Top of Material provided
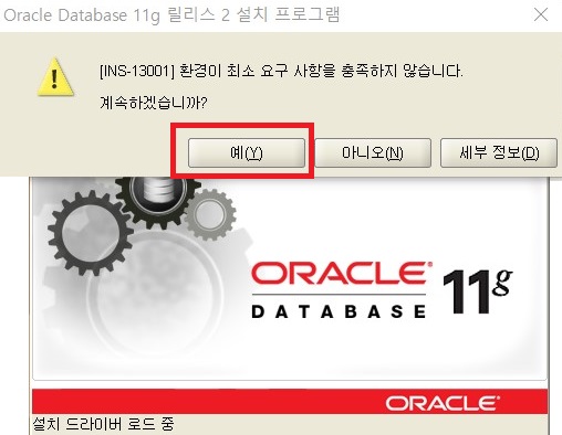 8. 아래와 같이 환경이 최소 요구 사항을 충족하지 않는다는 경고창이 뜨더라도 예(Y)를 눌러주시면 됩니다.
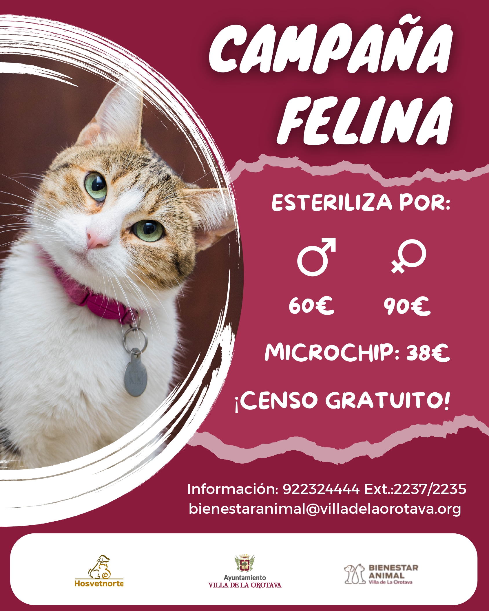 Más información: 922 32 44 44 (Ext. 2237 / 2235 / 2210) bienestaranimal@villadelaorotava.org
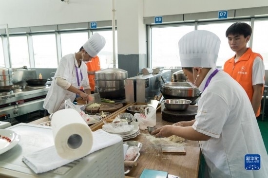 4月12日,在四川省綿陽市公共實(shí)訓(xùn)基地,參加中式面點(diǎn)項目的選手正在準(zhǔn)備食材。
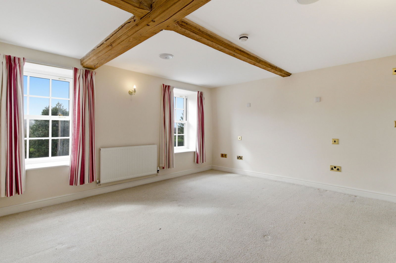 A light and spacious Georgian first floor apartment situated in a rural location enjoying views across open countryside. The accommodation includes a versatile study area leading through to an inner hallway which provides access to all principal rooms. The property offers a well-proportioned sitting room with sash windows to the front aspect and an electric fire with marble surround, alongside a shaker style kitchen breakfast room fitted with marble worktops, a range cooker and space for dining. Exposed beams feature in several rooms, adding character throughout.
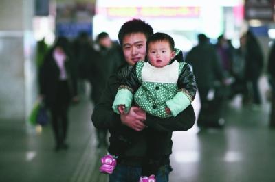 这次去拍摄春运版爸爸去哪儿,张力提前做了点策划:“什么年龄段的拍几张,大概要采访他们什么信息,但是主要还是碰运气。”上午11点钟,张力和女朋友到了火车站,“我第一眼就看到了江西的廖先生,他怀里抱着一个孩子,孩子好像有点闹脾气,正在温柔地安慰孩子。”“我已经在杭州工作好多年了,每年都是这样回家,孩子跟着我们一起坐火车也很辛苦,但是没办法,得回家过年啊!”廖先生爱怜地看了一眼怀里的儿子,“本来也想放在家里让爷爷奶奶带的,但是她妈妈舍不得,我们就大人小孩都辛苦点,带在身边了!”
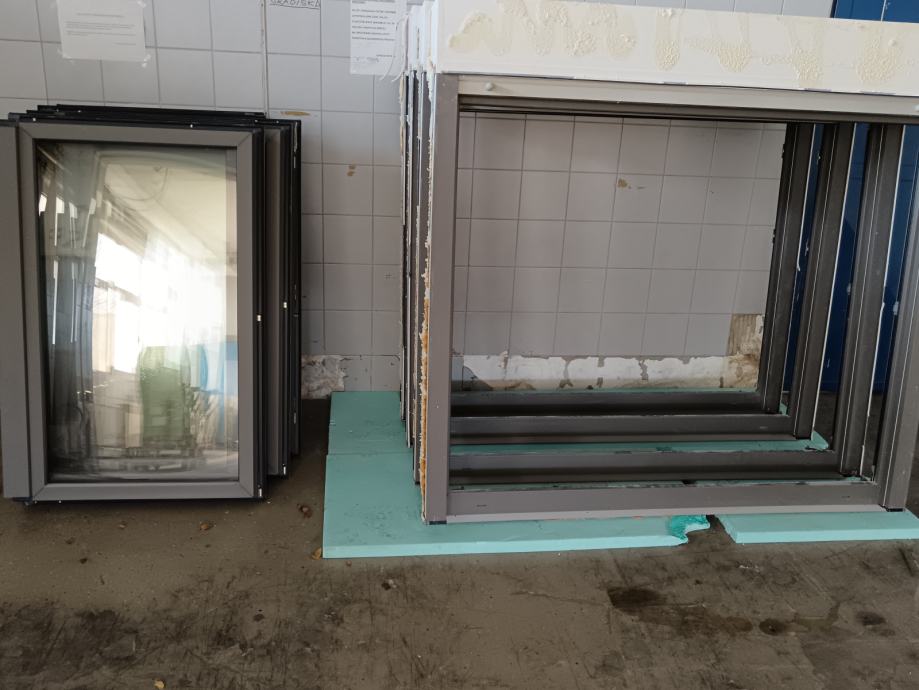 Alu prozori sa roletama i troslojnim staklom, RAL 7039 quartz grey dimenzije širina160 x visina145cm, korišteni 15dana, cijena po komadu 650€.
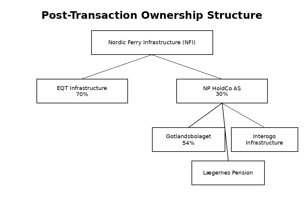 Gotlandsbolaget, together with Interogo Infrastructure and Lægernes Pension, has agreed to acquire a 30% stake in Nordic Ferry Infrastructure (NFI) for approximately €510 million (≈ SEK 6 billion). The investment is made via newly established NP HoldCo AS.
Bottom of Material provided
_Task instructions_
The copy should hold only the lines from the one with "4月12日,在四川省綿陽市公" through the one with "A light and", exactly as they stand above. Leave out the pictures.

_Answer space_
 4月12日,在四川省綿陽市公共實(shí)訓(xùn)基地,參加中式面點(diǎn)項目的選手正在準(zhǔn)備食材。
 A light and spacious Georgian first floor apartment situated in a rural location enjoying views across open countryside. The accommodation includes a versatile study area leading through to an inner hallway which provides access to all principal rooms. The property offers a well-proportioned sitting room with sash windows to the front aspect and an electric fire with marble surround, alongside a shaker style kitchen breakfast room fitted with marble worktops, a range cooker and space for dining. Exposed beams feature in several rooms, adding character throughout.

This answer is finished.